Information extraction and textual comprehension from materials literature
are vital for developing an exhaustive knowledge base that enables accelerated
materials discovery. Language models have demonstrated their capability to
answer domain-specific questions and retrieve information from knowledge bases.
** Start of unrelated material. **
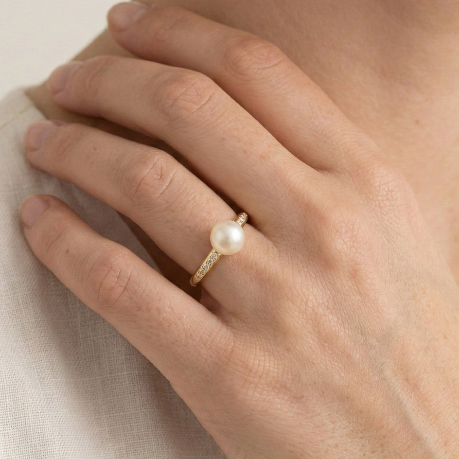 Bague en or avec zircon cubique et perle

However, there are no benchmark datasets in the materials domain that can
evaluate the understanding of the key concepts by these language models. In
this work, we curate a dataset of 650 challenging questions from the materials
domain that require the knowledge and skills of a materials student who has
cleared their undergraduate degree. We classify these questions based on their
structure and the materials science domain-based subcategories. Further, we
evaluate the performance of GPT-3.5 and GPT-4 models on solving these questions
via zero-shot and chain of thought prompting. It is observed that GPT-4 gives
the best performance (~62% accuracy) as compared to GPT-3.5. Interestingly, in
contrast to the general observation, no significant improvement in accuracy is
observed with the chain of thought prompting. To evaluate the limitations, we
performed an error analysis, which revealed conceptual errors (~64%) as the
major contributor compared to computational errors (~36%) towards the reduced
performance of LLMs. We hope that the dataset and analysis performed in this
work will promote further research in developing better materials science
domain-specific LLMs and strategies for information extraction.

我们基于材料学领域的 650 个具有挑战性的问题，对 GPT-3.5 和 GPT-4 模型在问答、零点提示和思维链激励下的表现进行了评估，并发现 GPT-4 的准确率最高（约为 62%），而与思维链激励相比，没有明显的准确率提高。通过错误分析，我们发现概念错误（64%）是改进语言模型表现的主要因素，而计算错误（36%）对 LLMs 性能的降低起到了次要作用。我们希望该工作中的数据集和分析能够促进材料科学领域特定 LLMs 的开发和信息提取策略的研究。